Since the first allocation round (2015), the CfD scheme has delivered 27GW of renewables capacity and seen the clearing price of certain technologies, like offshore wind, fall by around 70%.
The two-way pay-as-clear CfD scheme is widely recognised as having been a successful tool for attracting investment in low-carbon electricity generation capacity in the UK and driving cost reduction in low-carbon technologies.
Moreover, it has turned out to be a far more powerful mechanism for driving down electricity prices than had been anticipated.
Under CfDs, developers are paid a flat (indexed) rate for the electricity they produce over a 15-year period; the difference between the ‘strike price’ (a price for electricity reflecting the cost of investing in a particular low carbon technology) and the ‘reference price’ (a measure of the average market price for electricity in the UK market).
The fixed strike price in a CfD contract means that renewable assets engaged are not exposed to price signals.
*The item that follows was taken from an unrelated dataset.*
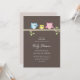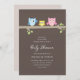This baby shower invitation features a charming illustration of cute and colorful owl characters sitting on a tree branch. The background color is a dark brown which gives a natural and rustic feel to the design. The owls are illustrated in different colors like pink, blue and yellow, adding a pop of color to the design. The design is perfect for a baby shower and will delight your guests. The illustration is sure to catch the attention of your guests and make them excited for the upcoming celebration. The invitation is perfect for a nature-themed or owl-themed baby shower.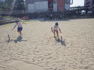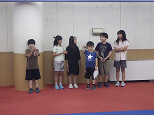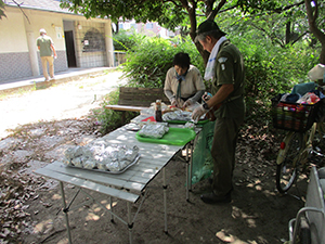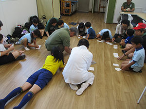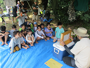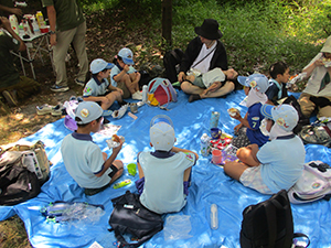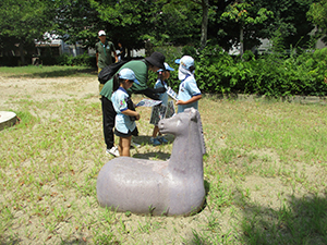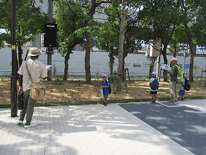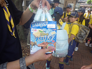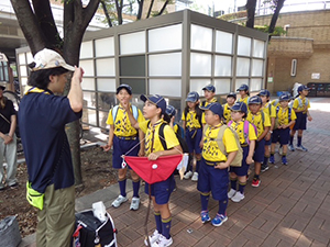 ついに大物公園の改修工事が始まりました。夏休み第一回目の隊集会は、大物川緑地探検ビンゴハイクです。猛暑の中、植物、遊具、看板、コンクリート動物など30個の指定物をさがして歩きます。ゴールは旧尼崎城東大手橋跡、約二時間で二組とも無事ゴール。ここで移動調理班が今日のお昼、コロッケドッグと冷たい飲み物を用意して待ってくれています。涼しい木陰でたっぷり食べて帰路へ。残りのビンゴを完成し、いよいよ今年完成したばかりの三ノ坪会館に移動、冷たいクーラーの中で、基本動作、ソング練習、ゲームを楽しみました。こんな集会場所が欲しい! 切に思った猛暑の中の隊集会でした。(K3)

Government department BEIS recognises that a lack of real-time market exposure reduces incentives for plants to operate more flexibly where possible, increasing the investment needed in low carbon flexibility.
Trade association Energy UK has on a number of occasions called for the government to publish an overall procurement strategy for the CfD scheme, at least out to 2030.
It is clearly a reasonable ask given that a CfD awarded tomorrow would carry out to 2037.
“Average wholesale prices are likely to fall as the proportion of renewable generation increases, which would lead to a greater dependence on existing support schemes,” claims BEIS in its latest position paper.
Aside from the current, exceptional energy crisis that has beset Europe as a result of the Russian-Ukrainian war, it would appear that the UK electricity market was already under pressure because of ongoing reforms in the EU and despite Brexit.
In particular, our European neighbours are becoming more sophisticated in their approach to the CfD. It’s no longer good enough for a developer to bid into the price basement, cheap as chips style. Non-price criteria in wind farm auctions are being introduced.
According to trade association Wind Europe, up until recently, wind farm developers bidding into auctions focused solely on reducing the cost of their offshore wind farms, because price (of the electricity they generate) was the only criterion.
The European Commission’s new State Aid Guidelines for Energy (CEEAG), launched in January, now allow for up to 30% of the scoring in CfD auctions to be based on non-price criteria.
They could typically focus on building a strong track record in observing high environmental and sustainability standards, developing value chains across Europe and localising by engaging actively with local communities; also developing state-of-the-art wind technologies that allow for better system integration of renewables into the EU’s energy system.
I have searched for references to safety in both the BEIS and April 2022 Wind Europe papers and the word is conspicuously absent. If this had been the oil & gas industry, it is a fair certainty that safety would have been to the fore.
The CfD mechanism has it seems done a great job so far, especially driving down the cost of offshore wind but it does not intuitively protect safety. And power generation is inherently dangerous.
Cheap ultimately begets nasty. Cheap lays the foundations of future potential problems and, with Big Wind accident rates clearly on the rise (Scotland Against Spin Data to March 2022), this is something that neither Big Wind nor Governments will have to face up to.
I’m going to stick my neck out here and suggest that safety specifics can be built into the EU’s new CEEAG model with relative ease.
But if the UK government’s CfD model remains price obsessed then, sooner or later, we’re going to hit the North Sea wind farm buffers in a serious way.